Suyapa, militante écologiste, est retrouvée morte dans son lit, abattue de plusieurs coups de feu. Elle doit probablement cette fin tragique à sa lutte contre un projet de barrage impliquant la destruction des terres de la communauté lenchua, dont elle était une représentante. Elle laisse derrière elle trois filles adultes, qui ont emprunté des chemins très différents. L'aînée Luisa vit aux Etats-Unis où elle est avocate d'un cabinet prestigieux. Marla, la plus jeune, subit en silence un mariage peu satisfaisant. Après des études de biologie effectuées dans une université américaine, Indira, la cadette, est revenue vivre à El Encanto. Elles se retrouvent lors du procès des assassins de leur mère, à l'occasion duquel la justice se donne bonne conscience en condamnant des exécutants, laissant les commanditaires impunis.
La construction du barrage est lancée, malgré la mauvaise publicité induite par le meurtre. Mais depuis la mort de Suyapa, les détracteurs du projet, dissuadés à coups de menaces et d'intimidation, se font rares.
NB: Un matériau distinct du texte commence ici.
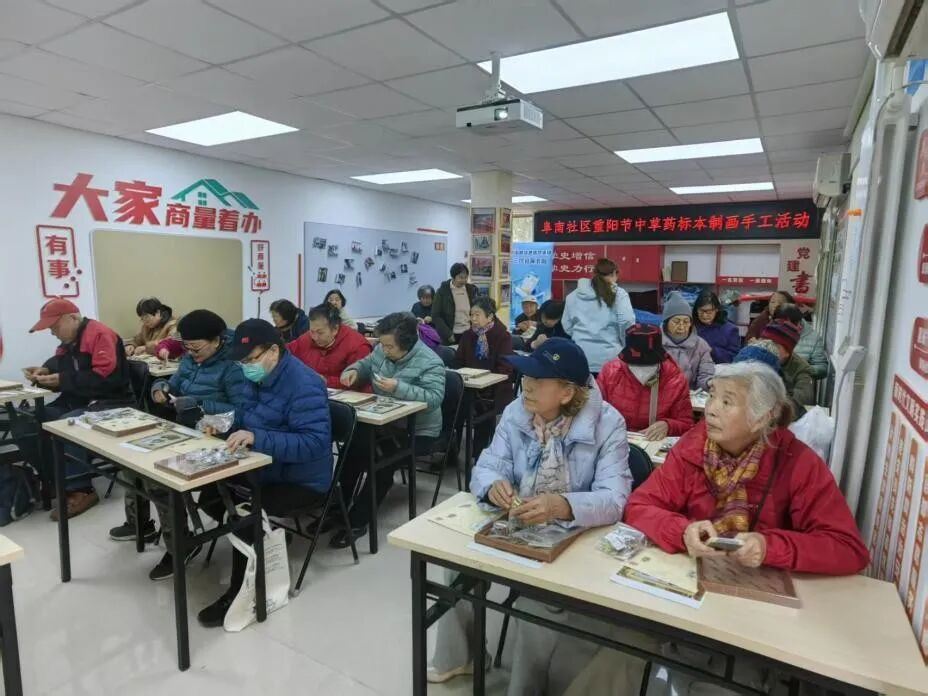 10月29日下午,阜南社区组织开展中草药标本制画手作活动,吸引30多位居民参与。活动以中草药知识普及为核心,将健康养生与文化体验融合,通过讲解常见药材的功效、指导标本画制作,让老人在趣味体验中学习健康常识,推动健康理念融入日常生活。
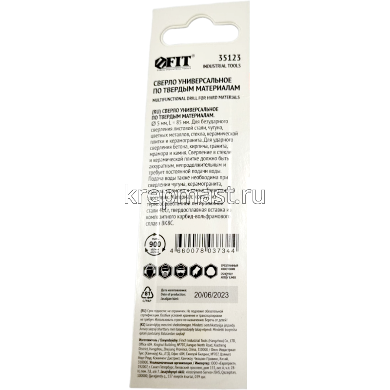 Сверло универсальное 5х85мм (сталь, чугун, цв.мет, стекло, керамогранит) в Высокая Гора
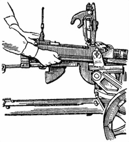 ослабить болты цапф пулемета на станке, отвернув их на один оборот;
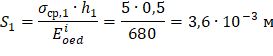 Определим деформации от собственного веса для рассматриваемого массива, разделенного на два слоя:
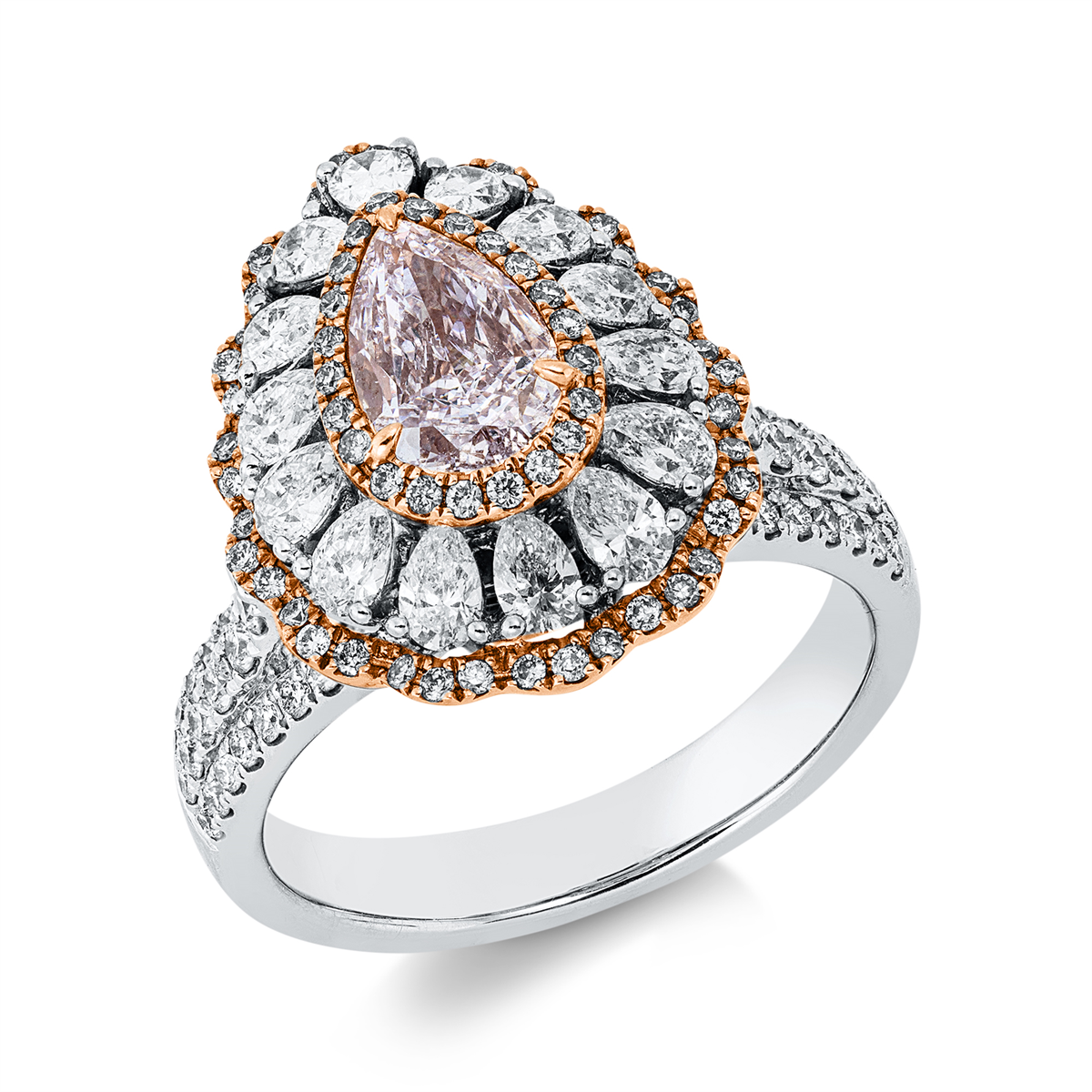 Ring 3er-Krappe 18 kt WG+RG, GIA 3465972443, 2 Trapeze 0,17 ct, TW-si, 24 Brillanten 0,17 ct, TW-si, 1 Tropfen 1,03 ct, pink, 18 Brillanten 0,12 ct, pink, H:14,0 mm, B:17,7 mm, Weite:54

C'est un chantier pharaonique. le récit de la construction du barrage n'est pas sans évoquer la "Naissance (du) pont" de Maylis de Kérangal (la nature torrentueuse de la langue en moins) par son approche à la fois minutieuse et multipliant les points de vue, mais aussi par la dimension épique et galvanisante que lui confèrent sa durée et son gigantisme. En s'attardant sur divers personnages représentant la pluralité des métiers à l'oeuvre -terrassiers, spécialistes, géologues, contremaîtres…-, dont elle met en lumière les particularités, les contraintes et les expertises, elle nous emmène des bureaux des chefs de chantier où se prennent les décisions déterminées par les injonctions de lointains commanditaires aux souterrains où les mineurs préparent la destruction de la roche, et nous immerge dans le quotidien des ouvriers, pendant et après le travail. On intègre cette communauté temporaire et grouillante d'hommes sans port d'attache, exilés volontaires qui le temps d'une mission recréent les conditions d'une micro société, avec son organisation et sa hiérarchie -l'officielle, ainsi que celle liée au prestige de certains métiers plus dangereux, plus spectaculaires que les autres-, mais aussi ses amitiés, ses dissensions, ses rivalités, et les maux qu'engendre cette vie nomade -alcoolisme, divorces, instabilité affective. La tension est permanente : il faut tenir les délais contre la météo, les surprises du terrain et toute sorte d'imprévus, tout en limitant les risques d'accidents.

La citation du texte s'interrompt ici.